Unnamed: 0,PassengerId,Survived,Pclass,Name,Sex,Age,SibSp,Parch,Ticket,Fare,Cabin,Embarked
0,1,0,3,"Braund, Mr. Owen Harris",male,22.0,1,0,A/5 21171,7.25,,S
1,2,1,1,"Cumings, Mrs. John Bradley (Florence Briggs Th...",female,38.0,1,0,PC 17599,71.2833,C85,C
2,3,1,3,"Heikkinen, Miss. Laina",female,26.0,0,0,STON/O2. 3101282,7.925,,S
3,4,1,1,"Futrelle, Mrs. Jacques Heath (Lily May Peel)",female,35.0,1,0,113803,53.1,C123,S
4,5,0,3,"Allen, Mr. William Henry",male,35.0,0,0,373450,8.05,,S


We are only going to use data about survival, passenger class, age, siblings on board and parents on board.
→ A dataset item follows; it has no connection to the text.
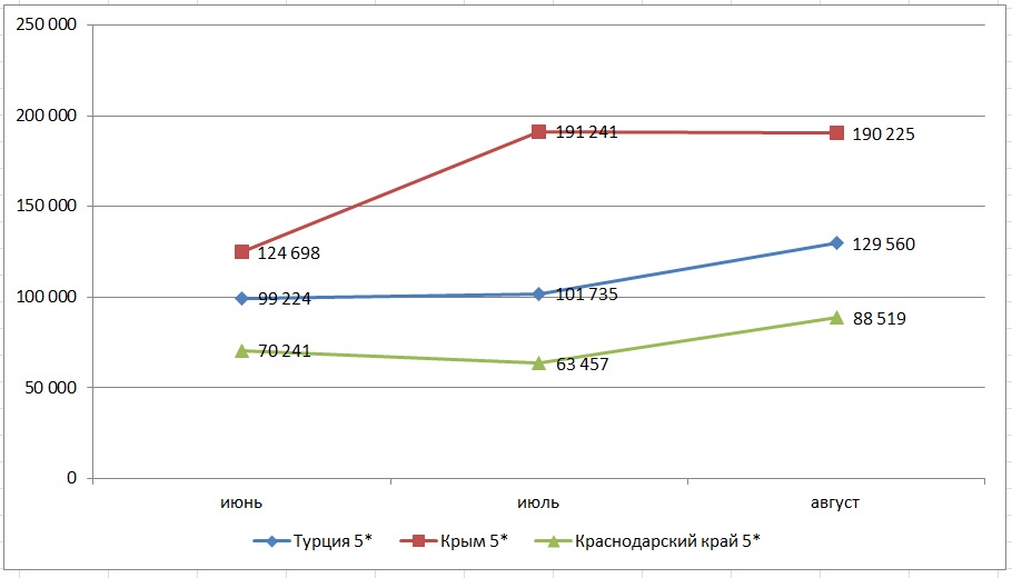В сегменте отелей 5* средние цены туров, взятые без учета системы питания, показывают достаточно уверенное лидерство Краснодарского края на всем протяжении сезона. Следует, однако, отметить, что практически все туры в пятизвездочные отели Краснодарского края подразумевают завтрак. Это (с учетом того, что турецкие «пятерки» все работают на «все включено») и предопределило вполне адекватную разницу средних цен (около 40 тыс. р. за тур на двоих в пользу Краснодарского края).

We will ignore the fare, cabin number and what port they sailed from.

In [28]:
data = data[['Survived', 'Pclass', 'Sex', 'Age', 'SibSp', 'Parch']]
data

Unnamed: 0,Survived,Pclass,Sex,Age,SibSp,Parch
0,0,3,male,22.0,1,0
1,1,1,female,38.0,1,0
2,1,3,female,26.0,0,0
3,1,1,female,35.0,1,0
4,0,3,male,35.0,0,0
...,...,...,...,...,...,...
886,0,2,male,27.0,0,0
887,1,1,female,19.0,0,0
888,0,3,female,,1,2
889,1,1,male,26.0,0,0


In [29]:
# Impute missing values with the median
data['Age'] = data['Age'].fillna(data['Age'].median())
# scale/normalize age
scaler = MinMaxScaler()
data['Age'] = scaler.fit_transform(data[['Age']])
#fit = scaler.fit(data['Age'])
#print(scaler.data_max_)
#scaler.fit_transform([data['Age']])


In [30]:
data = pd.get_dummies(data, columns=['Sex'])

In [31]:
# Split the dataset into train and test sets
train_df, test_df = train_test_split(data, test_size=0.2, random_state=42)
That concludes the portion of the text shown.